Research supports the idea that quality is more important than the type of setting, and that high-quality group care can have even better outcomes than high-quality foster home care. Moreover large sibling groups can often be kept together only by placement in a non-family setting.

It is hard to understand that anyone believe that a loveless, bare-bones foster home is better than an idyllic environment like the Crossnore School in North Carolina, where foster children  (including sibling groups) benefit from dedicated cottage parents, an onsite school, and multiple forms of mental health treatment, including equine-assisted therapy. But the bare-bones foster home has one advantage over Crossnore. It is much cheaper.

Clearly, legislators want the savings from eliminating non-family options to offset the increased costs imposed by the expansion of Title IV-E to include preventive services. The Congressional Budget Office estimated that the restriction on non-family placements would offset almost 70% of the costs of extending IV-E reimbursement to family preservation services, over a ten-year period.

It is not surprising that government officials in the three states with the largest foster care populations–California, New York, and Texas, have all expressed concern about or opposition to the Family First Act. Other states have expressed their opposition as well .

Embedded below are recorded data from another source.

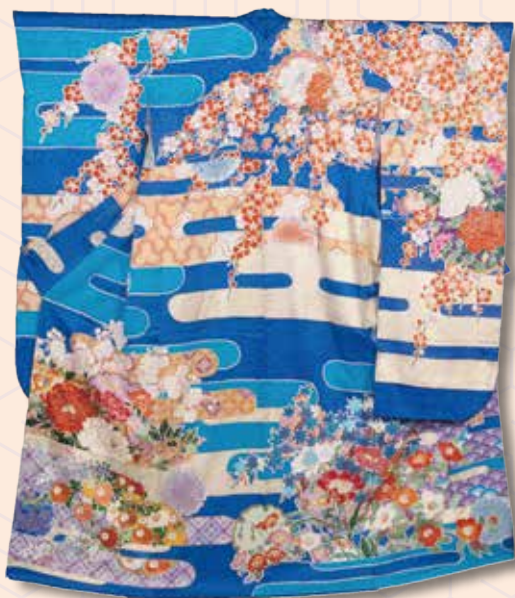
東京手描友禅 佐藤信男 「霞取り四季草花尽くし模様振袖」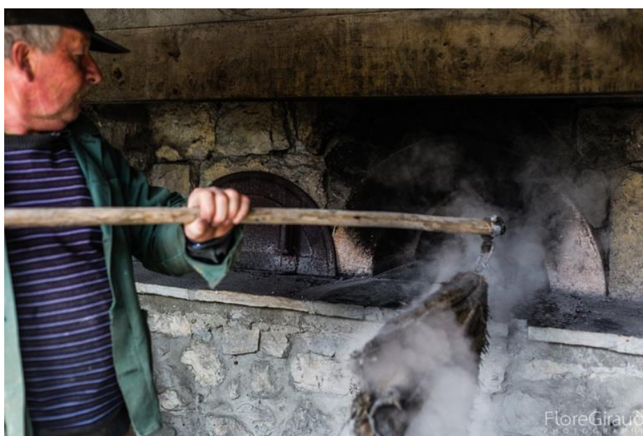
Ill. 3. Nettoyage des cendres avec la panasse ou pana, Curienne. © Flore Giraud, 28 avril 2017.

Ces étapes font l'objet de descriptions à la fois techniques et poétiques. La couleur de la voûte et la jetée de farine dans le four sont des indicateurs de la bonne chaleur et les secrets d'un savoir-faire complexe. « Quand on enfourne le pain, la chaleur du four est environ de 230 à 250°C. Le temps qu'on rentre tout le pain dans le four, ça redescend 220-230°C. Et quand le pain a fini de cuire, le four est à 180°C, donc il est prêt pour les brioches. Il faut toujours se dépêcher, surtout quand le four est juste chaud. Il faut fermer la porte derrière à chaque fois, il faut faire très vite. Le pain cuit pendant 45 minutes... ». Le « pana » est ensuite utilisé pour nettoyer le four après la chauffe.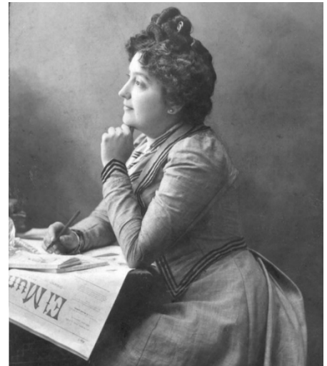
Carmen de Burgos

Tamén destacamos a Carmen de Burgos (1867-1942), xornalista, tradutora e autora feminista. Foi a primeira muller reporteira profesional de España, así como a primeira corresponsal de guerra. Escribiu varios libros de viaxe recollendo cartas, impresións e conferencias, aínda que o principal é Mis viajes por Europa , onde describe o seu traxecto desde Madrid ata o punto máis setentrional de Europa: o cabo Norte, en Noruega. Na serie de RTVE Mujeres viajeras recompílanse as biografías de outras mulleres que se desprazaron ao redor do mundo.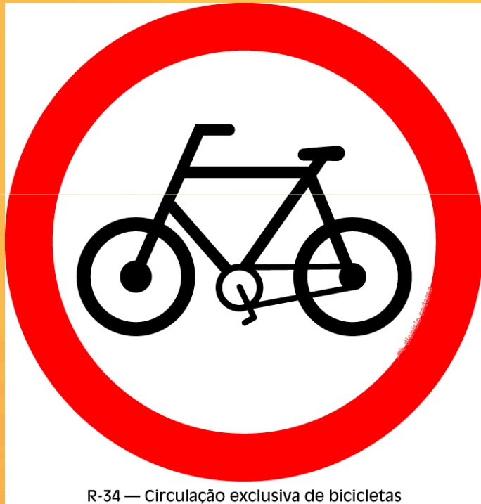
R-34 — Circulação exclusiva de bicicletas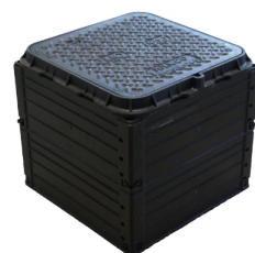
ROM-Box 405x405 mit Abdeckung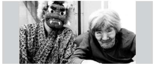
※顔写真は、了解を得て掲載させていただいております。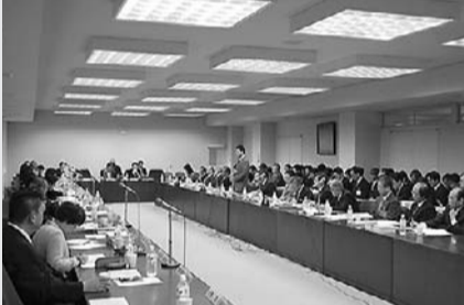
決算審査特別委員会

各委員会は、付託された各決算議案について、12月定例会までの閉会中に審査を、12月定例会中に採決を行いました。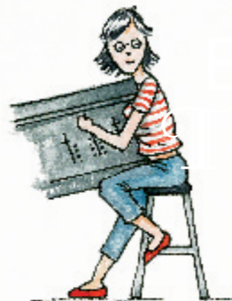
Tècnica de so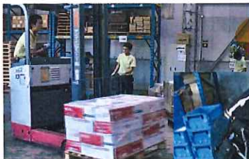
商品の入荷・移動

Aside from a pair of hearings that were orchestrated by the bill’s sponsors to support their vision for the legislation, there have been no hearings or floor debate on the Family First Act. Last year, it passed the House by voice vote, and its Senate sponsors tried to get it through without a vote before going on summer recess. They failed, thanks to courageous Senators who cared about children enough to resist pressure from the powerful coalition supporting the bill.

Lets hope that the same wise and courageous Senators make sure this dangerous legislation is not allowed to slip into law in the urgent effort to pass a continuing resolution. Lets not save money on our most vulnerable kids. Spending money on better placements now will surely reap savings down the road in crime, unemployment, and welfare receipt.